Which lines come from the start of the listing through the line holding "проводной руль для"? Restate exactly those, both included, minus the pictures.

## Records provided:

=== Section Start ===

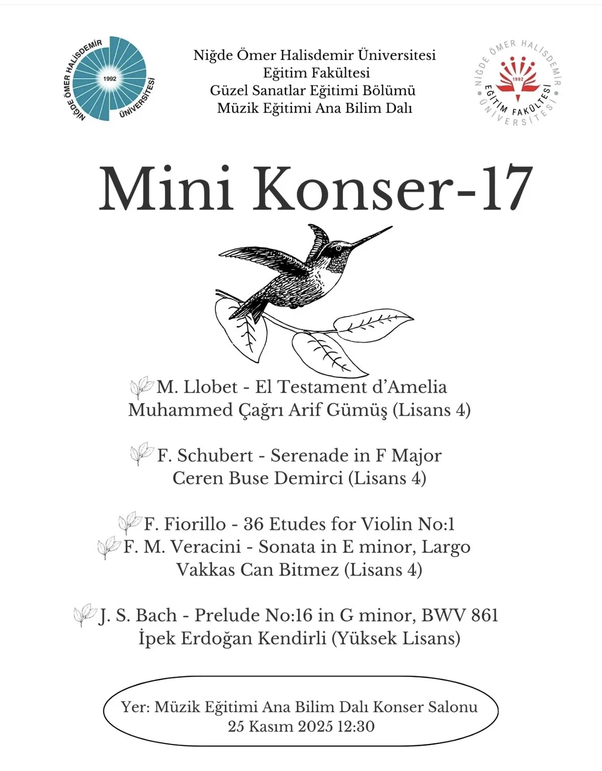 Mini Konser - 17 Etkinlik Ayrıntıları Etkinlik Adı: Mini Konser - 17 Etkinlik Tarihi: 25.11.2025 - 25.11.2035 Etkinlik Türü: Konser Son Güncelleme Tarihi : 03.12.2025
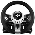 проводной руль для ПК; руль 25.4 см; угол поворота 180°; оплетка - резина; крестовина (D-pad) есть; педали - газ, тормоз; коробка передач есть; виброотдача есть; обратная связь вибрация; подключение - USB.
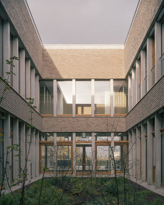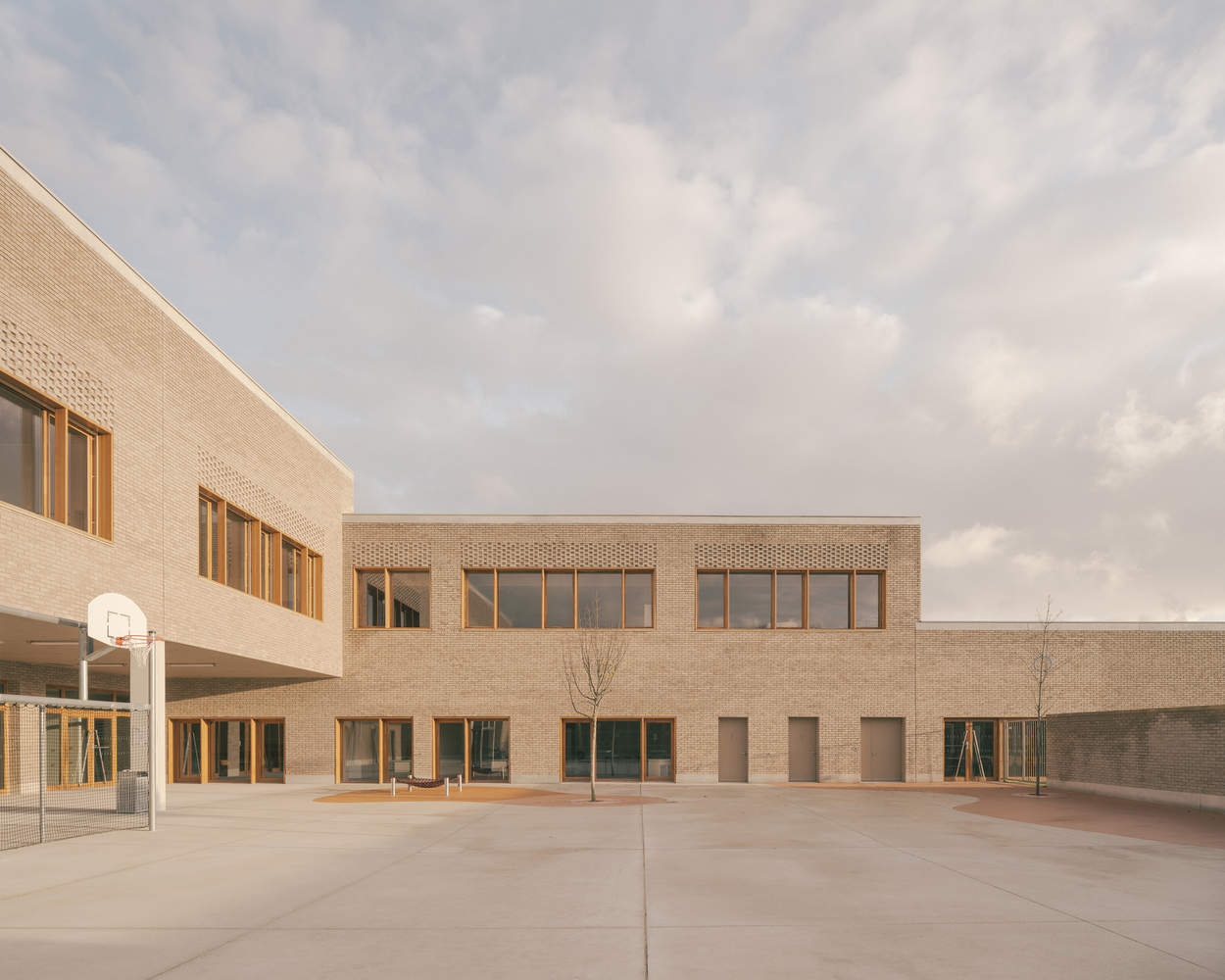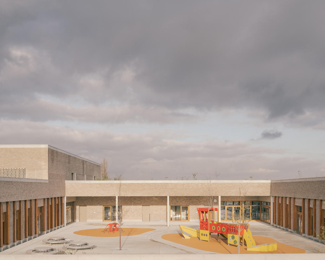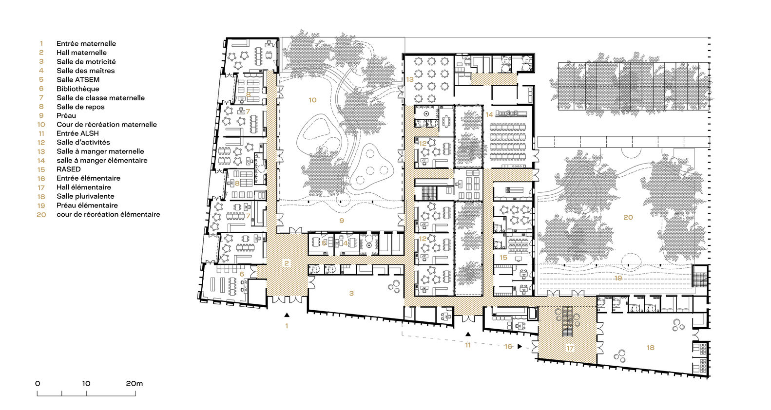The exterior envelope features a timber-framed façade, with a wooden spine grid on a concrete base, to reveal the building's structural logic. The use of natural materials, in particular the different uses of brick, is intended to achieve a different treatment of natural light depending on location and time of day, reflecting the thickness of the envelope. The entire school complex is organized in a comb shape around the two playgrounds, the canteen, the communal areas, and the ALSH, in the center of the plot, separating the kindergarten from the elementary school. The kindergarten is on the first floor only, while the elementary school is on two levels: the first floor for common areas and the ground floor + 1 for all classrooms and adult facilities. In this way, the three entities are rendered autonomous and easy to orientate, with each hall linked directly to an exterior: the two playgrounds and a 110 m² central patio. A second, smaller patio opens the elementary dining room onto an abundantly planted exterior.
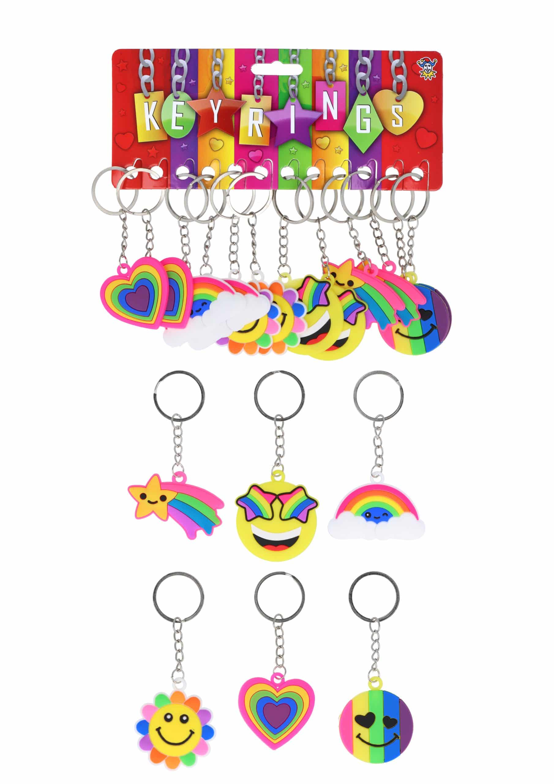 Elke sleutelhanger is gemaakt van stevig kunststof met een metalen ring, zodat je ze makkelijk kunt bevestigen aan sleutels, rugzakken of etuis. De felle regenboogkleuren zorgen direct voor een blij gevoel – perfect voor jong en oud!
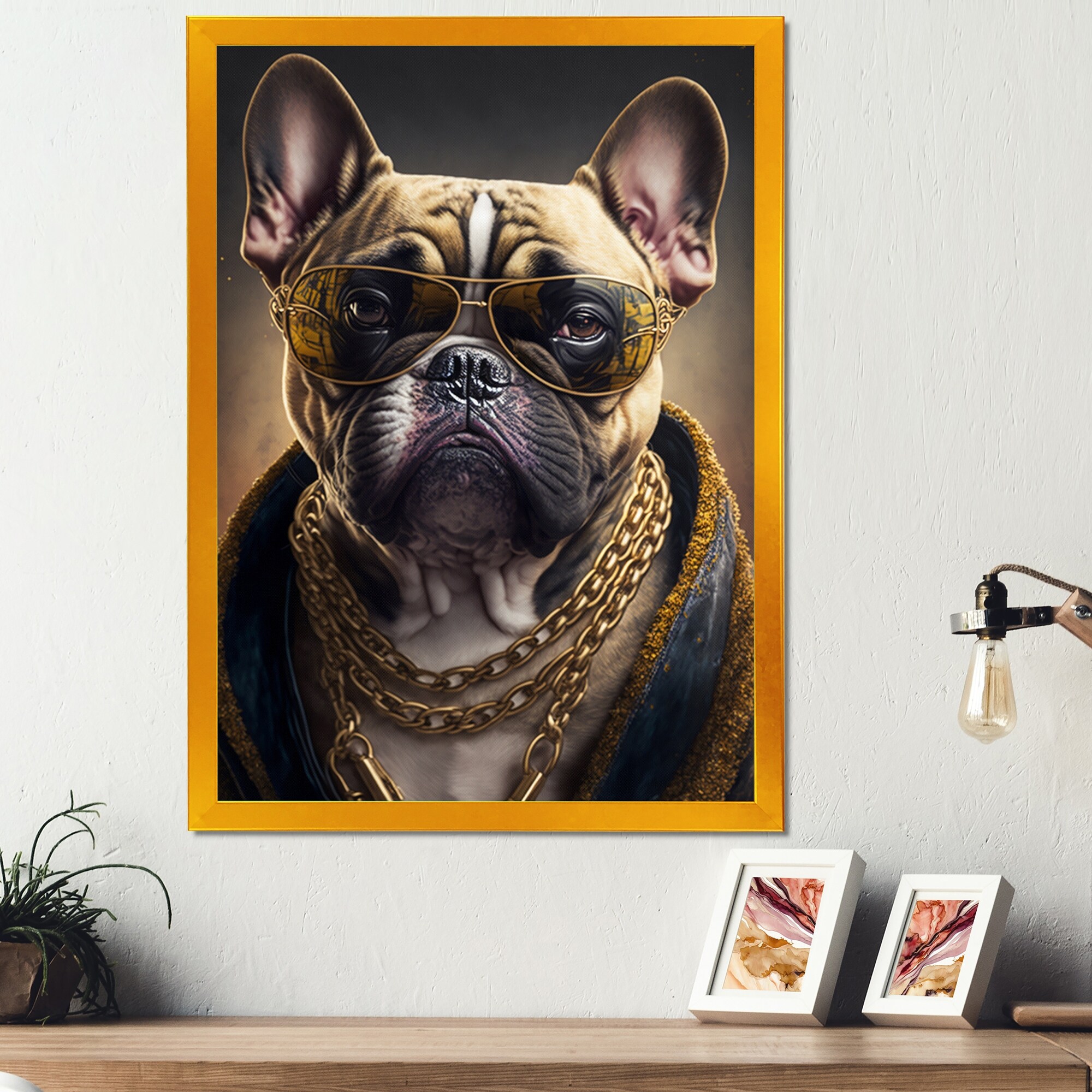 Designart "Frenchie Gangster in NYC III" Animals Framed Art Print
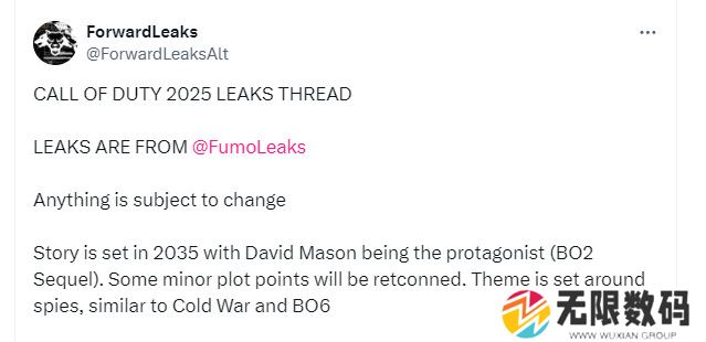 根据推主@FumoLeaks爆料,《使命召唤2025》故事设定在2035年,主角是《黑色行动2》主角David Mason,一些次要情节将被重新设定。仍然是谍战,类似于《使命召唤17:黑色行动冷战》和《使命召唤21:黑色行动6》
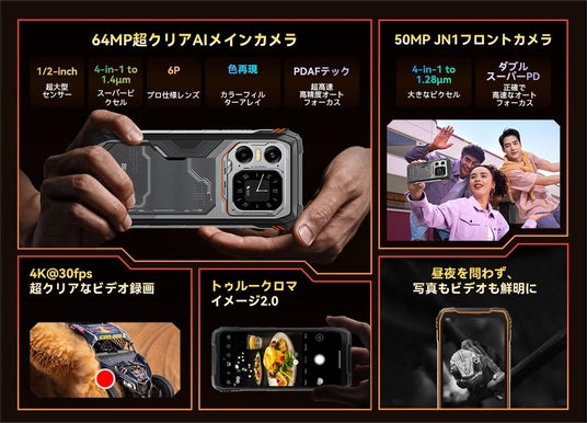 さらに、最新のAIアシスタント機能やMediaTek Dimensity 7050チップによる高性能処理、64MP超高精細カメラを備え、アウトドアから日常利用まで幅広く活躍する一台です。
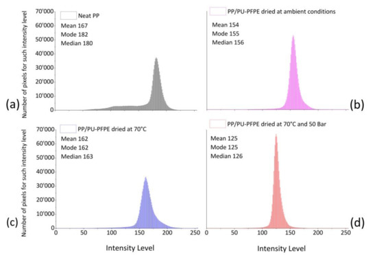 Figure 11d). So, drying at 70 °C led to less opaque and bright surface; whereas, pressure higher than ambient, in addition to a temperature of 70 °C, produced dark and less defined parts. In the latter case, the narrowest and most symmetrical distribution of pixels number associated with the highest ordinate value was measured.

=== Section End ===

## Exercise result:
 Mini Konser - 17 Etkinlik Ayrıntıları Etkinlik Adı: Mini Konser - 17 Etkinlik Tarihi: 25.11.2025 - 25.11.2035 Etkinlik Türü: Konser Son Güncelleme Tarihi : 03.12.2025
 проводной руль для ПК; руль 25.4 см; угол поворота 180°; оплетка - резина; крестовина (D-pad) есть; педали - газ, тормоз; коробка передач есть; виброотдача есть; обратная связь вибрация; подключение - USB.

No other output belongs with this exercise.